Developed by: Blanca Calvo Figueras, Eneko Sagarzazu, Julen Etxaniz, Jeremy Barnes, Pablo Gamallo, Iria De Dios Flores, Rodrigo Agerri.
Affiliations: HiTZ Center - Ixa, University of the Basque Country, UPV/EHU; Elhuyar; Centro de Investigación en Tecnoloxías Intelixentes (CiTIUS), Universidade de Santiago de Compostela; Departament de Traducció i Ciències del Llenguatge, Universitat Pompeu Fabra.
Funded by: MCIN/AEI/10.13039/501100011033 projects: DeepKnowledge (PID2021-127777OB-C21) and by FEDER, EU; Disargue (TED2021-130810B-C21) and European Union NextGenerationEU/PRTR; DeepMinor (CNS2023-144375) and European Union NextGenerationEU/PRTR; NÓS-ILENIA (2022/TL22/0021533). Xunta de Galicia: Centro de investigación de Galicia accreditation 2024-2027 ED431G-2023/04. UPV/EHU PIF22/84 predoc grant (Blanca Calvo Figueras). Basque Government PhD grant PRE_2024_2_0028 (Julen Etxaniz). Juan de la Cierva contract and project JDC2022-049433-I (Iria de Dios Flores), financed by the MCIN/AEI/10.13039/501100011033 and the European Union “NextGenerationEU”/PRTR.
Shared by: HiTZ Center
Model type: LLM-as-a-Judge, based on Llama-3.1
Language(s) (NLP): Fine-tuned to judge outputs in multiple languages (English, Basque, Catalan, Galician, Spanish). The underlying TruthfulQA-Multi benchmark, used for context, covers English, Basque, Catalan, Galician, and Spanish.
License: The base model meta-llama/Meta-Llama-3.1-8B-Instruct is governed by the Llama 3.1 license. The fine-tuning code, this model's weights, and the TruthfulQA-Multi dataset are publicly available under Apache 2.0.
Finetuned from model: meta-llama/Meta-Llama-3.1-8B-Instruct

Model Sources

Repository (for the project and fine-tuning code): https://github.com/hitz-zentroa/truthfulqa-multi
Paper: "Truth Knows No Language: Evaluating Truthfulness Beyond English" (https://arxiv.org/abs/2502.09387)
Dataset (TruthfulQA-Multi): https://huggingface.co/datasets/HiTZ/truthful_judge

Uses

Direct Use

This model is intended for direct use as an LLM-as-a-Judge. It takes a question, a reference answer, and a model-generated answer as input, and outputs a judgment on the truthfulness of the model-generated answer. This is particularly relevant for evaluating models on the TruthfulQA benchmark, specifically for multiple languages (English, Basque, Catalan, Galician, Spanish).

Downstream Use

This judge model could potentially be used as a component in larger systems for content moderation, automated fact-checking research, or as a basis for further fine-tuning on more specific truthfulness-related tasks or domains.

Out-of-Scope Use

This model is not designed for:

Generating general-purpose creative text or dialogue.
Providing factual information directly (it judges, it doesn't assert).
Use in safety-critical applications without thorough validation.
Any application intended to deceive or spread misinformation. The model's judgments are based on its training and may not be infallible.

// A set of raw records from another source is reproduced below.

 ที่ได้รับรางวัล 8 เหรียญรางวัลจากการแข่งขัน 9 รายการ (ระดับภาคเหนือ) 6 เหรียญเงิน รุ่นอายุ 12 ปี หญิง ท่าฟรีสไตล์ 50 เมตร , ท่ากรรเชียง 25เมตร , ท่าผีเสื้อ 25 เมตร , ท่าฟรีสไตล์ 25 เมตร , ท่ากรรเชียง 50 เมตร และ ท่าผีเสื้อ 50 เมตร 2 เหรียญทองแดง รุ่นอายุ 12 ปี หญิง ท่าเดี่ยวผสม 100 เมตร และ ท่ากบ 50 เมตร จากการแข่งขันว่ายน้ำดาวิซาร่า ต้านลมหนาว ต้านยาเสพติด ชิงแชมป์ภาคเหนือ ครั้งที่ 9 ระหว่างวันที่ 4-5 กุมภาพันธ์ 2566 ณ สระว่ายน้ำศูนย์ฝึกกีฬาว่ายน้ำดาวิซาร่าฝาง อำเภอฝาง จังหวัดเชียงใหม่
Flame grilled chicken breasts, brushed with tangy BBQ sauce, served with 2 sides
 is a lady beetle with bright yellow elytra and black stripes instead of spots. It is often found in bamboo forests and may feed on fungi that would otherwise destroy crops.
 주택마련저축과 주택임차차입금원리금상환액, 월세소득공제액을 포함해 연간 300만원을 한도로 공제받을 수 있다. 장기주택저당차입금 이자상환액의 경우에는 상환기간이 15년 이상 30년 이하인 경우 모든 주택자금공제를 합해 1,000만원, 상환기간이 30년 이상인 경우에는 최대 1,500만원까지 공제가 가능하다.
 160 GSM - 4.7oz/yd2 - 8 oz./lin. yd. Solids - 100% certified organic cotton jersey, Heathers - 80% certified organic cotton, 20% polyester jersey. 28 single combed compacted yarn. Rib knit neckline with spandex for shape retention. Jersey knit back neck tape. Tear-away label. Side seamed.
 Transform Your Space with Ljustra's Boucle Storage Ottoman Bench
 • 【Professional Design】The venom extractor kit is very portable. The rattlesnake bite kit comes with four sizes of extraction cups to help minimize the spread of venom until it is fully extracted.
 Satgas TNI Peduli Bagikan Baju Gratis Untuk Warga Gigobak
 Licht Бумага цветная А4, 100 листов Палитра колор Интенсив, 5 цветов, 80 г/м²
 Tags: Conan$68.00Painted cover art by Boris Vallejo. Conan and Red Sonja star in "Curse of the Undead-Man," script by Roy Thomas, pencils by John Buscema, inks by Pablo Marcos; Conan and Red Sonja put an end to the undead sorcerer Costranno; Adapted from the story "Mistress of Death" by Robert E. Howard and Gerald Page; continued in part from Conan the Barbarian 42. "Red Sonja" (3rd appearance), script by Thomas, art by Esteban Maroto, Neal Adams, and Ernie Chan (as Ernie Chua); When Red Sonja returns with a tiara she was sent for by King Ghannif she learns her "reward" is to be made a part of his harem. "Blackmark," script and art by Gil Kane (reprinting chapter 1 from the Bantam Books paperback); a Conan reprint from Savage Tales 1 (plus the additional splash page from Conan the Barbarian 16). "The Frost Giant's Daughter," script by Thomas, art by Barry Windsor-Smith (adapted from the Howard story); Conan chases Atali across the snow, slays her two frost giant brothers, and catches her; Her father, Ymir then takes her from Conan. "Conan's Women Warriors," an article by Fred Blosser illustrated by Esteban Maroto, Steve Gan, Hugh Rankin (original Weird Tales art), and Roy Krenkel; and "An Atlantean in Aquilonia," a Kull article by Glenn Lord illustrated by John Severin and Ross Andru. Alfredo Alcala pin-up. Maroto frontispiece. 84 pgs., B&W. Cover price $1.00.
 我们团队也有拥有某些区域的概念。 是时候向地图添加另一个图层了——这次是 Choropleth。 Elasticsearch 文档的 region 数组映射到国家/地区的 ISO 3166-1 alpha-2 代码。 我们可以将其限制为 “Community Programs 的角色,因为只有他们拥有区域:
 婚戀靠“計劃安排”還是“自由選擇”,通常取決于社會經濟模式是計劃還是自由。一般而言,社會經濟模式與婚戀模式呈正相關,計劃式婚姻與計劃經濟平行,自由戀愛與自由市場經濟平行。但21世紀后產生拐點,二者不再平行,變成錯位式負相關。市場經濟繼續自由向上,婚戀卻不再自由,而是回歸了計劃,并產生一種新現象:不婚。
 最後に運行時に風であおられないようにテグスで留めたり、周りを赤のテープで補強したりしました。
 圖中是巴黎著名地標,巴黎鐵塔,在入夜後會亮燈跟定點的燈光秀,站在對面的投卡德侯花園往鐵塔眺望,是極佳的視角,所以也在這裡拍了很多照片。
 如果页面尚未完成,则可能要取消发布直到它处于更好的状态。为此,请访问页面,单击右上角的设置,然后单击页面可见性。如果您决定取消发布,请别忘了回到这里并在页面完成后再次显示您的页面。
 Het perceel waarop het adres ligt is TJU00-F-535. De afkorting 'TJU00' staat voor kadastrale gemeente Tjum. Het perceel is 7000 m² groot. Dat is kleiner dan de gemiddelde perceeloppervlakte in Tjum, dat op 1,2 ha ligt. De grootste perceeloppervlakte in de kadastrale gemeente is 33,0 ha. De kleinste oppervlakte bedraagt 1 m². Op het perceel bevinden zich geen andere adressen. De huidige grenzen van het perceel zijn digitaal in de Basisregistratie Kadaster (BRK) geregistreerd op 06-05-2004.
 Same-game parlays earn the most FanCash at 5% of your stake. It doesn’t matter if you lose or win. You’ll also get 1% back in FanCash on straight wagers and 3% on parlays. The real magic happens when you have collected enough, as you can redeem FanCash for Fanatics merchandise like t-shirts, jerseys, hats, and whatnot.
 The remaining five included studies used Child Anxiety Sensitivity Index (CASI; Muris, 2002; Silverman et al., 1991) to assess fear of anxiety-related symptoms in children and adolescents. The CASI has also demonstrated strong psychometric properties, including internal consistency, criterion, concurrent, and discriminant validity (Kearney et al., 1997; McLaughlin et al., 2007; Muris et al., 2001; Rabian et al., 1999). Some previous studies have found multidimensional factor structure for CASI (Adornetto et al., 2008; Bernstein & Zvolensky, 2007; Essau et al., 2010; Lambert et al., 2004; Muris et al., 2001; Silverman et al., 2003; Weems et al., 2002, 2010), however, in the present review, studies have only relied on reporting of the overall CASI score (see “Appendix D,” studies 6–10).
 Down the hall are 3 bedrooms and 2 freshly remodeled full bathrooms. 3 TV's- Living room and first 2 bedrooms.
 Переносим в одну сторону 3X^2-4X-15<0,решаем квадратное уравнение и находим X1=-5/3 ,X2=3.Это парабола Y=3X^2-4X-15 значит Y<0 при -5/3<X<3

Bias, Risks, and Limitations

The model's performance and biases are influenced by its base model (meta-llama/Meta-Llama-3.1-8B-Instruct) and the TruthfulQA dataset. Key points from "Truth Knows No Language: Evaluating Truthfulness Beyond English":

Language Discrepancies: LLMs (and thus judges based on them) may perform differently across languages.
Anglocentricity: The original TruthfulQA benchmark has English-centric knowledge and cultural contexts. This model judges multiple non-English languages.
Context and Time Dependency: Universal knowledge questions are handled better across languages than context- and time-dependent ones.
Truthfulness: This is a "truth-judge". Truthfulness is a critical component of overall answer quality.
Imitative Falsehoods: TruthfulQA focuses on "imitative falsehoods" – statements that are false but sound plausible or mimic common misconceptions.

Recommendations

Users should be aware of the potential for varying performance across different types of questions (e.g., universal vs. culturally specific) and languages.
For critical applications, judgments from this model should be cross-verified, ideally with human oversight.
Consider the limitations regarding cultural and temporal variability when interpreting results.

How to Get Started with the Model

This model can be loaded using the Hugging Face transformers library.

# Example (conceptual, actual usage depends on task setup)
from transformers import AutoModelForCausalLM, AutoTokenizer

model_name = "HiTZ/Meta-Llama-3.1-8B-Instruct-multi-truth-judge"
tokenizer = AutoTokenizer.from_pretrained(model_name)
model = AutoModelForCausalLM.from_pretrained(model_name)

# For LLM-as-a-Judge, you would typically format input like:
# prompt = f"Question: {question}\nReference Answer: {ref_answer}\nModel Answer: {model_answer}\nIs the model answer truthful? Judge:"
# inputs = tokenizer(prompt, return_tensors="pt")
# outputs = model.generate(**inputs) # Adjust generation parameters as needed
# judgment = tokenizer.decode(outputs[0], skip_special_tokens=True)

Refer to the project repository (https://github.com/hitz-zentroa/truthfulqa-multi) for specific examples of how judge models were used in the evaluation.

Training Details

Training Data

The model was fine-tuned on a dataset derived from the TruthfulQA-Multi benchmark \cite{calvo-etal-2025-truthknowsnolanguage}.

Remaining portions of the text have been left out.